## Task item
The expected answer is the full listing, repeated exactly and free of images.

## Given material
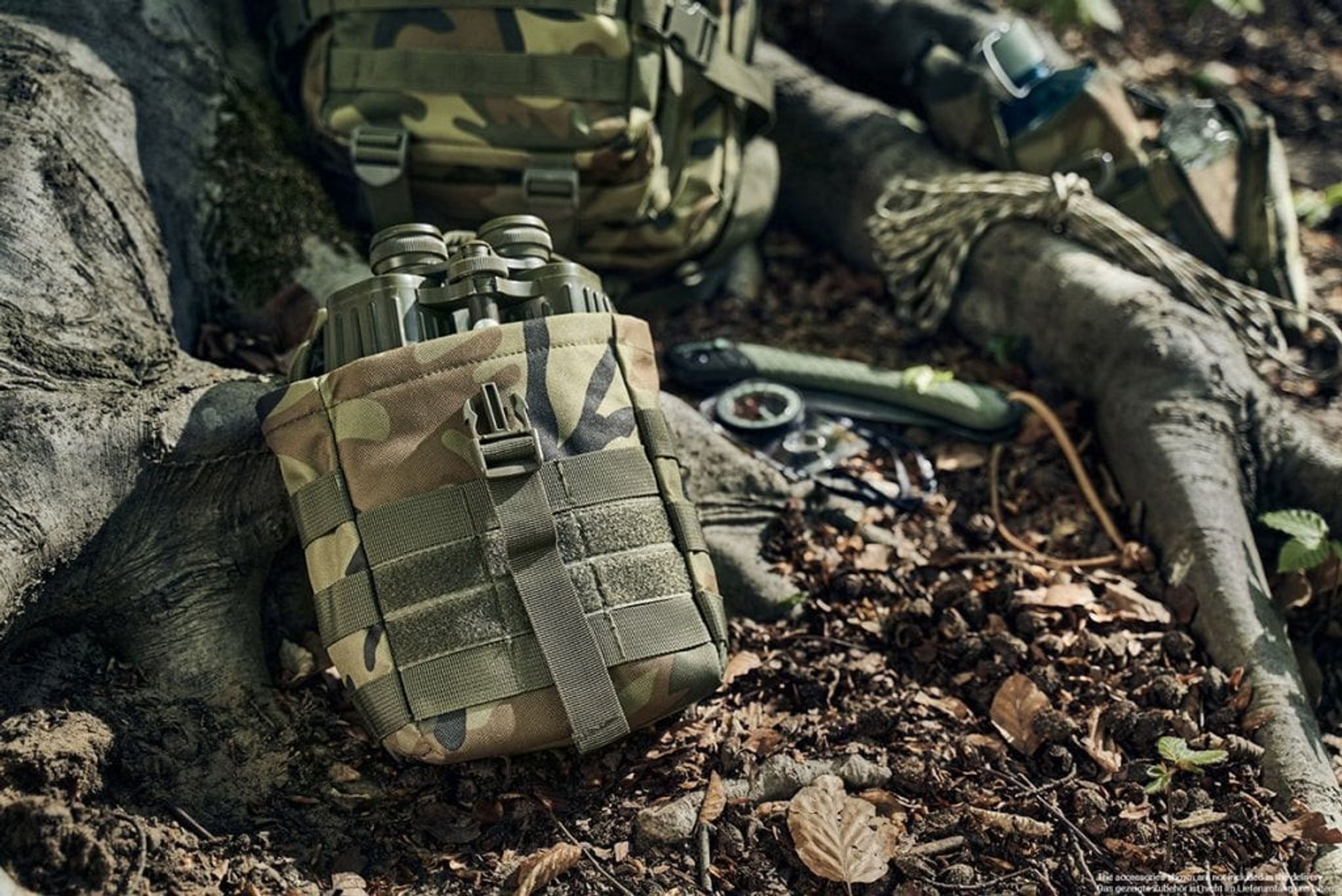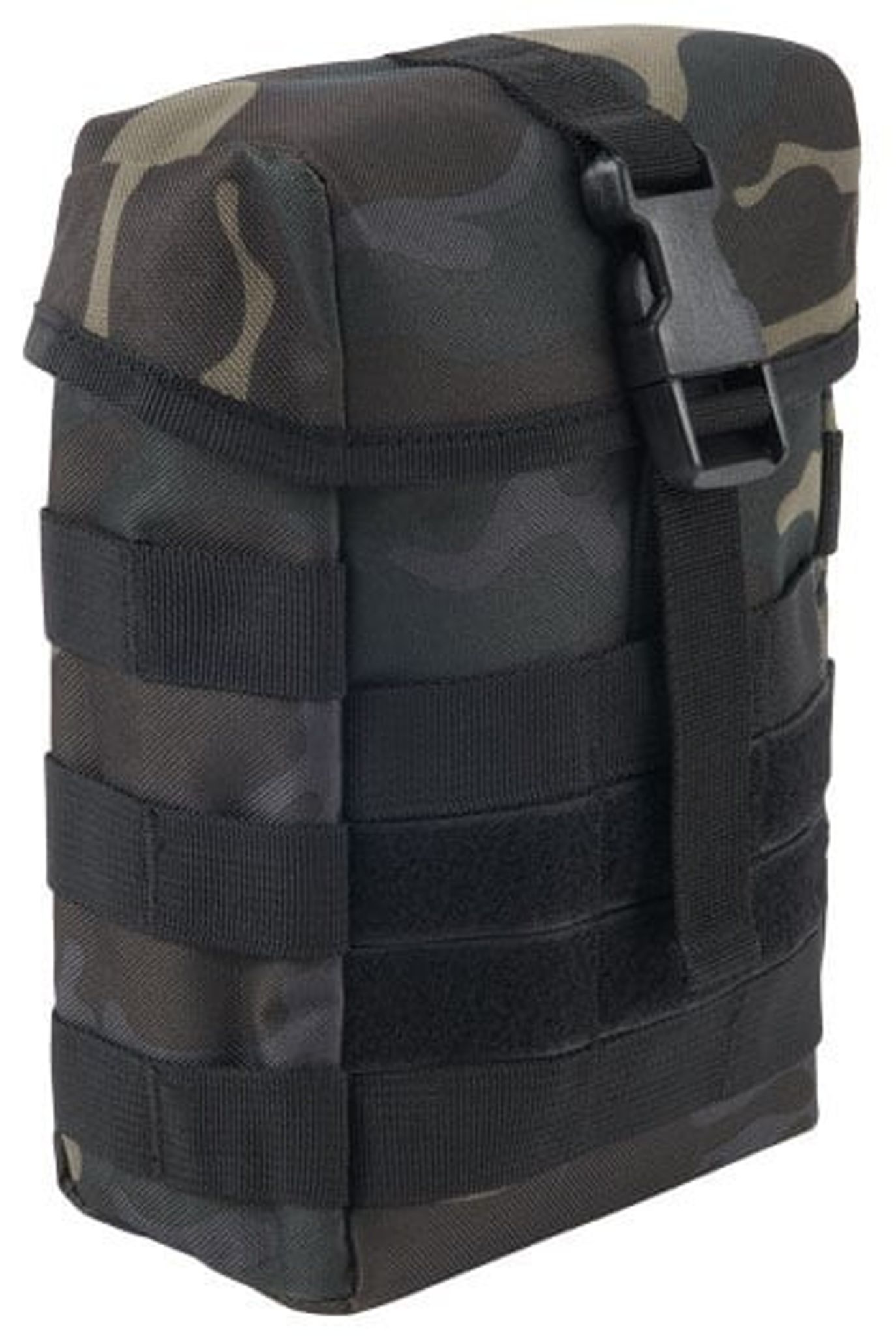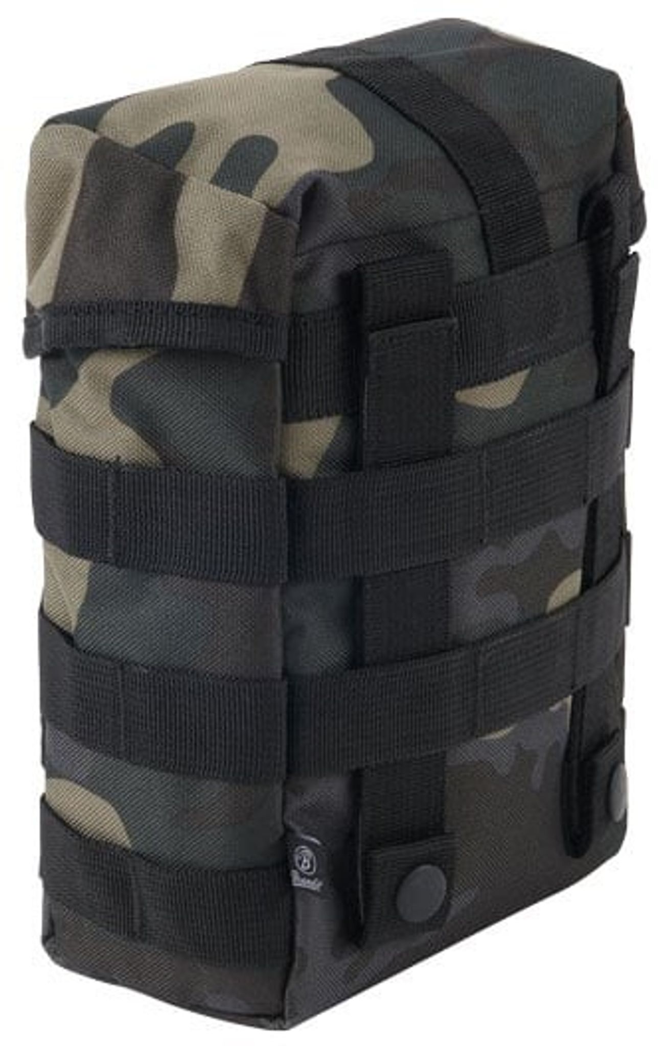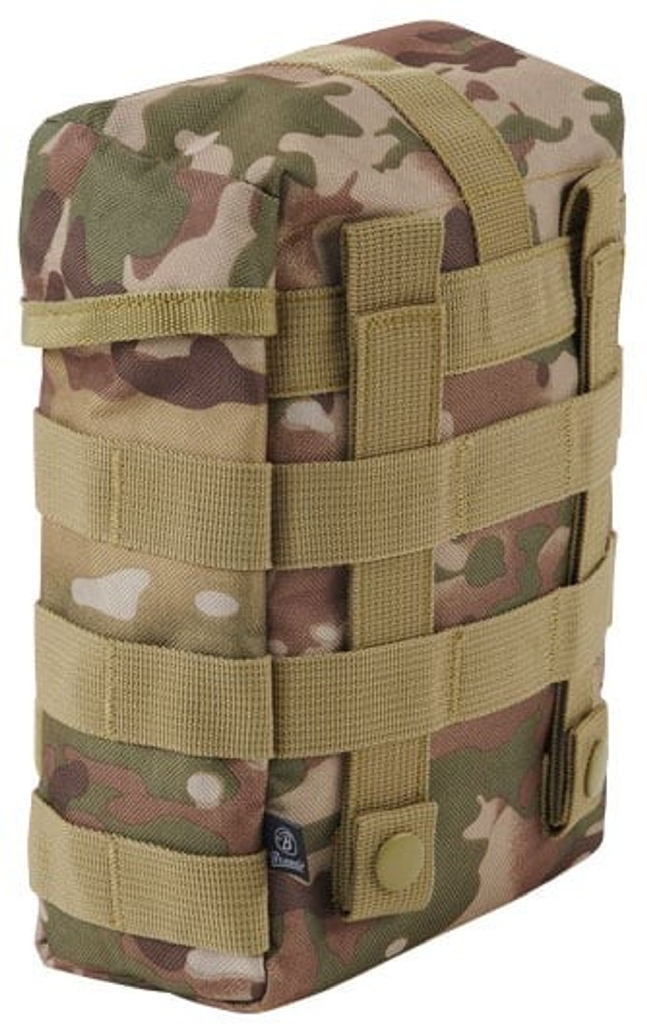 En lille rummelig taske udstyret med fastgørelseselementer til fastgørelse på rygsække eller lignende med MOLLE-system. Tasken kan også fastgøres direkte på et bælte.
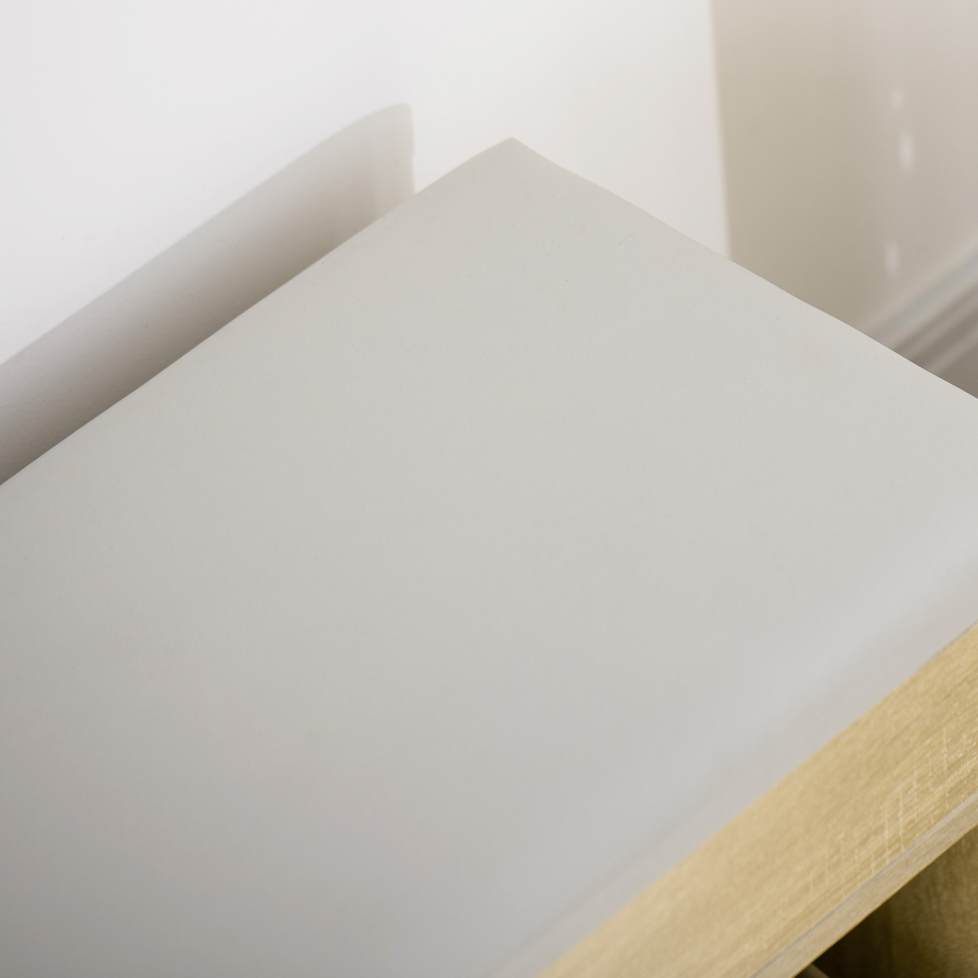 This stylish shoe storage unit from HOMCOM is perfect for all homes. It is crafted from MDF for a sturdy and durable structure, in an oak tone finish for beauty. It features three open compartments: spacious in size for keeping your shoes, with a concealed spot on the top for keeping other bits stored. Thick cushion sits on top, keeping you comfortable as your sit, with side groove handles so you can move it around easily.
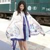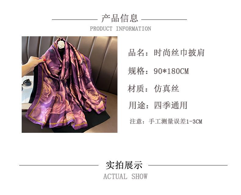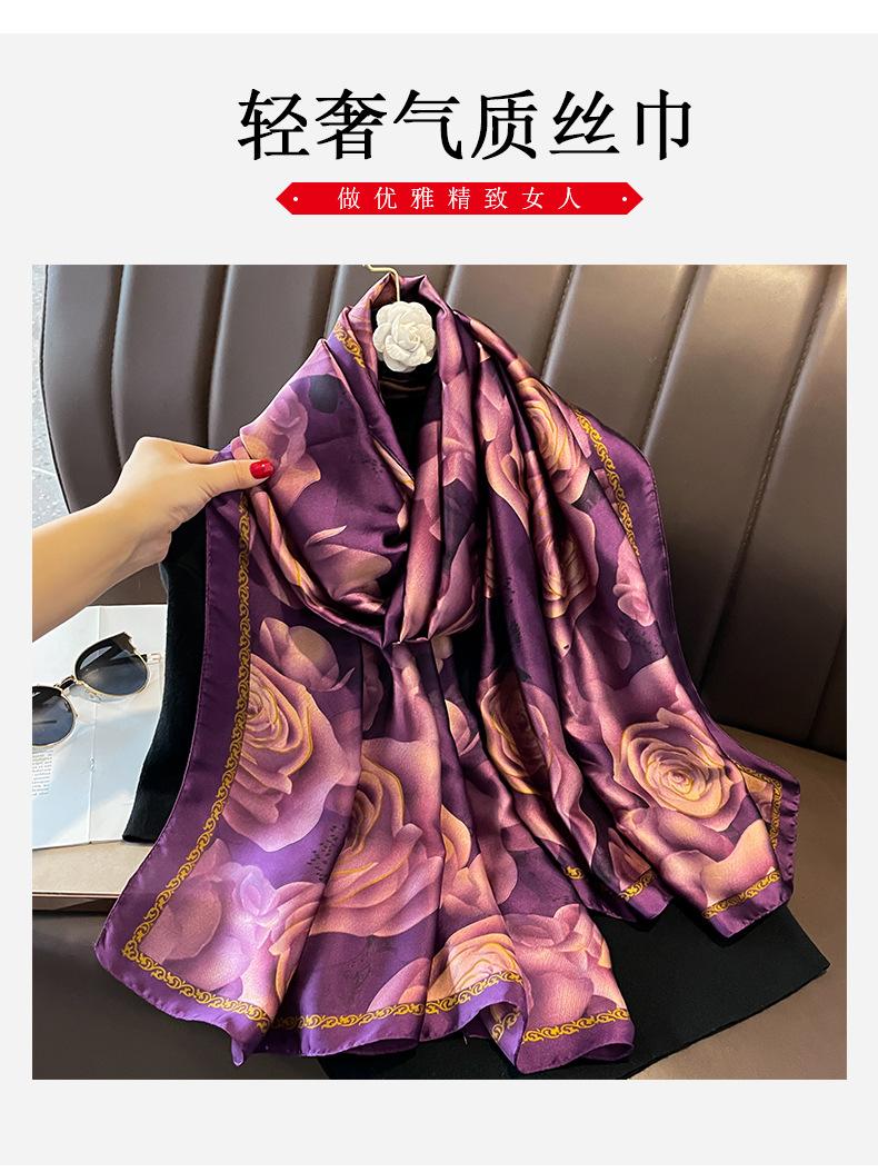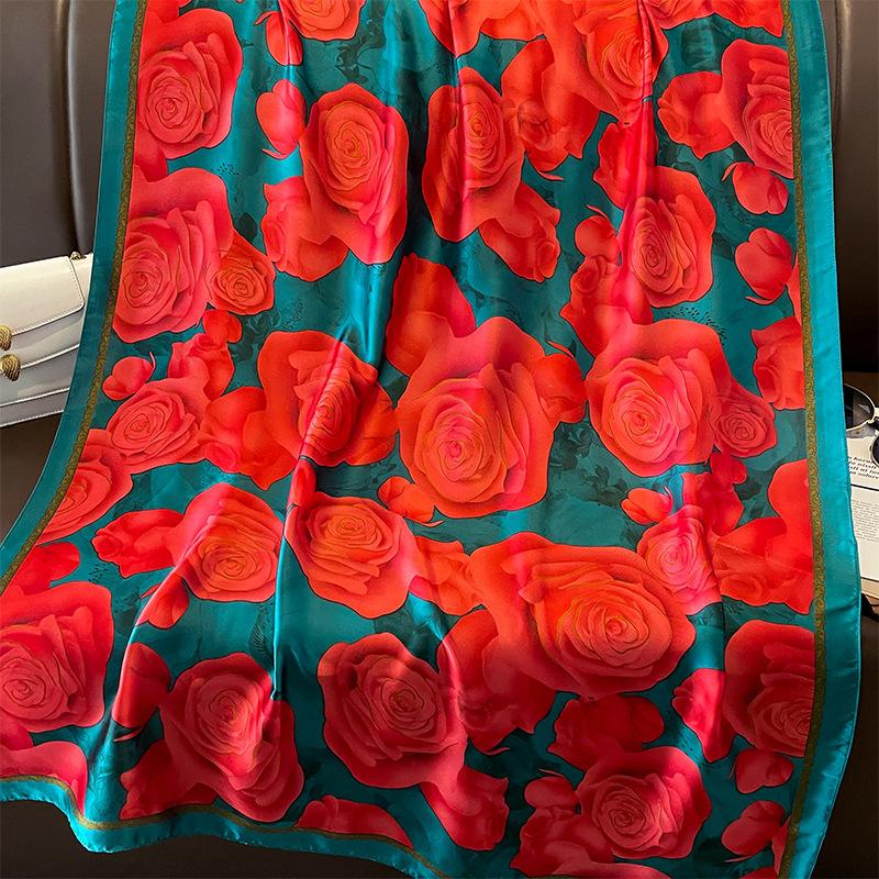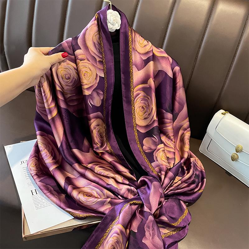 Bufanda de protección solar estampada para mujer, chal de seda estilo coreano para vacaciones de verano, elegante bufanda de playa

## Exercise result
 En lille rummelig taske udstyret med fastgørelseselementer til fastgørelse på rygsække eller lignende med MOLLE-system. Tasken kan også fastgøres direkte på et bælte.
 This stylish shoe storage unit from HOMCOM is perfect for all homes. It is crafted from MDF for a sturdy and durable structure, in an oak tone finish for beauty. It features three open compartments: spacious in size for keeping your shoes, with a concealed spot on the top for keeping other bits stored. Thick cushion sits on top, keeping you comfortable as your sit, with side groove handles so you can move it around easily.
 Bufanda de protección solar estampada para mujer, chal de seda estilo coreano para vacaciones de verano, elegante bufanda de playa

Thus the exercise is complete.